1

I need to rewrite a bunch of urls (about 100 or so) for SEO purposes, and there may be more being added in the future (probably another 50-100 later on). I need a flexible way of doing this and so far, the only way I can think of is to edit the .htaccess file using the rewrite engine.

For example, I have a bunch of urls like this (please note that the query string is irrelevant, and dynamic; it could be anything. I was only using them purely as an example. I am only focusing on the pathname--the part between the hostname and query string, as marked in bold below):

http://example.com/seo_term1?utm_source=google&utm_medium=cpc&utm_campaign=seo_term http://example.com/another_seo_term2?utm_source=facebook&utm_medium=cpc&utm_campaign=seo_term

http://example.com/yet_another_seo_term3?utm_source=example_ad_network&utm_medium=cpc&utm_campaign=seo_term http://example.com/foobar_seo_term4

http://example.com/blah_seo_term5?test=1

etc...

And they are all being rewritten to (for now): http://example.com/

What's the most efficient/effective way of doing this so that I may be able to add more terms in the future?

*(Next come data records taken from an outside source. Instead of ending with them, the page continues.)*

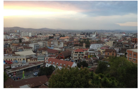
Die Mehrheit der Haushalte in Antananarivo verwendet konventionelle, ineffiziente Glühlampen. Ohne die Subvention wären hochwertige Energiesparlampen nicht verfügbar oder nicht erschwinglich.
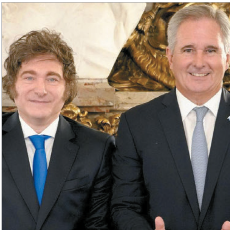
Un buque británico no informó su cruce por aguas argentinas

Un buque de guerra británico cruzó aguas argentinas. El gobierno de Tierra del Fuego denunció una “provocación inadmisible”, pero Cancillería evitó pronunciarse
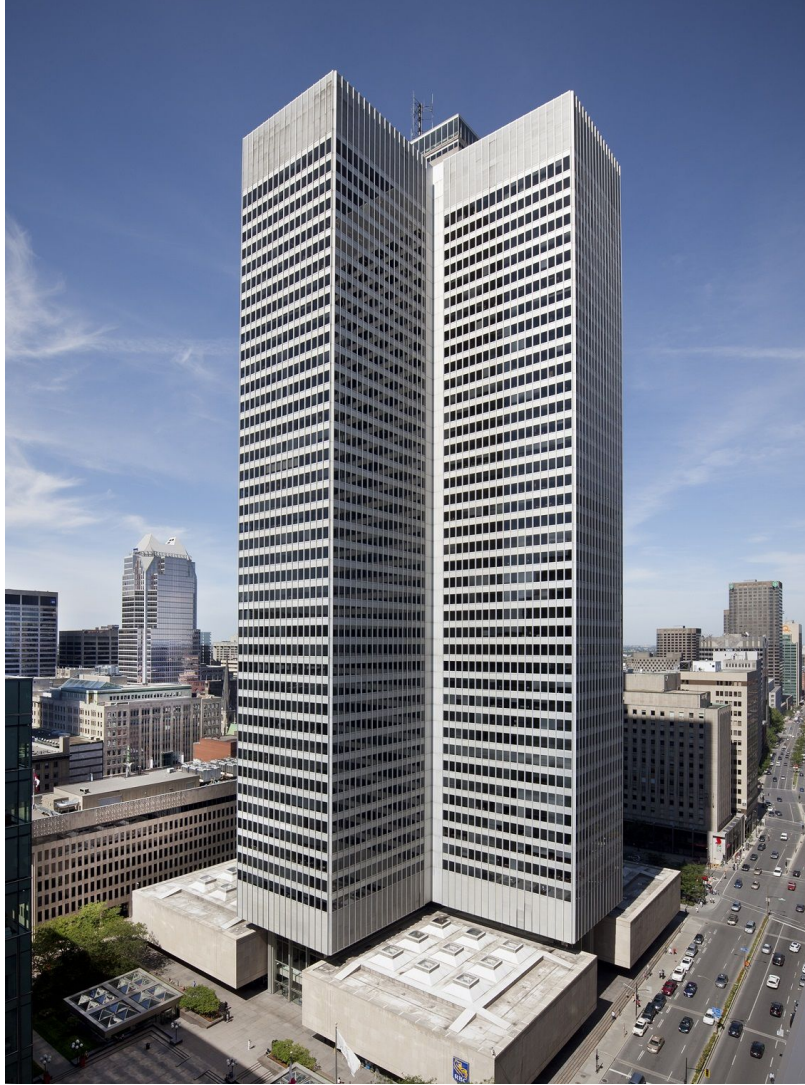
Пляс Виль-Мари (Бэй Юймин, 1962)
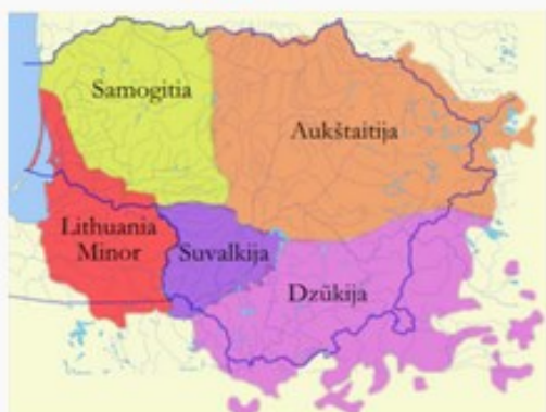
Žemėlapyje pažymėta šviesiai žalia spalva

Žemaičių virtuvėje patiekalus populiariau gardinti kmynais. Prie daugelio patiekalų patiekiamos bulvės su lupenomis, o riebus padažas gaminami ir kaip priedas, ir kaip patiekalo užpilas. Kaip patys žemaičiai pasakytų, bulvių kugelis (plokštainis) yra pirštų laižymo vertas skanumėlis. O kad jis būtų toks skanus, į plokštainį pilama rauginto pieno, dedama grietinės arba grybų. Žemaičių mėgiama taip vadinama cibulynė yra šaltsriubė (vanduo, silkė, svogūnas, prieskoniai, viskas valgoma su bulvėmis, virtomis su lupenomis). Vietiniai pasakoja, kad silkę pirmiausia reikia įvynioti į šlapią popierių ir pakepinti ant žarijų. Tai patiekalui suteikia savitą skonį. Kitas žemaičių virtuvės skanėstas – kastinys. Tai valgis iš grietinės bei sviesto su prieskoniais. Kastinys dažniausiai valgomas su karštomis bulvėmis, išvirtomis su lupenomis, tačiau jį galima ragauti ir su kiaušiniai, duona ar košėmis.

One solution I came across is to do this (in the .htaccess file):

RewriteEngine on
RewriteCond %{REQUEST_FILENAME} !-f
RewriteCond %{REQUEST_FILENAME} !-d
RewriteRule ^(.*)$ / [NC,QSA]

However, the problem with this solution is that even invalid urls (such as http://example.com/blah) will be rewritten to http://example.com instead of giving a 404 code (which is what it is supposed to do anyway). I'm still trying to figure out how all this works, and the only way I can think of is to write 100 more RewriteCond statements (such as: RewriteCond %{REQUEST_URI} =/seo_term1 [NC,OR]) before the RewriteRule directive. For example:

RewriteEngine on
RewriteCond %{REQUEST_FILENAME} !-f
RewriteCond %{REQUEST_FILENAME} !-d
RewriteCond %{REQUEST_URI} =/seo_term1 [NC,OR]
RewriteCond %{REQUEST_URI} =/another_seo_term2 [NC,OR]
RewriteCond %{REQUEST_URI} =/yet_another_seo_term3 [NC,OR]
RewriteCond %{REQUEST_URI} =/foobar_seo_term4 [NC,OR]
RewriteCond %{REQUEST_URI} =/blah_seo_term5 [NC]
RewriteRule ^(.*)$ / [NC,QSA]

But that doesn't sound very efficient to me. Is there a better way?

James Nine
  • 173
  • 1
  • 7

2 Answers2

3

The first improvement you can make is that you don't need the RewriteCond lines at all.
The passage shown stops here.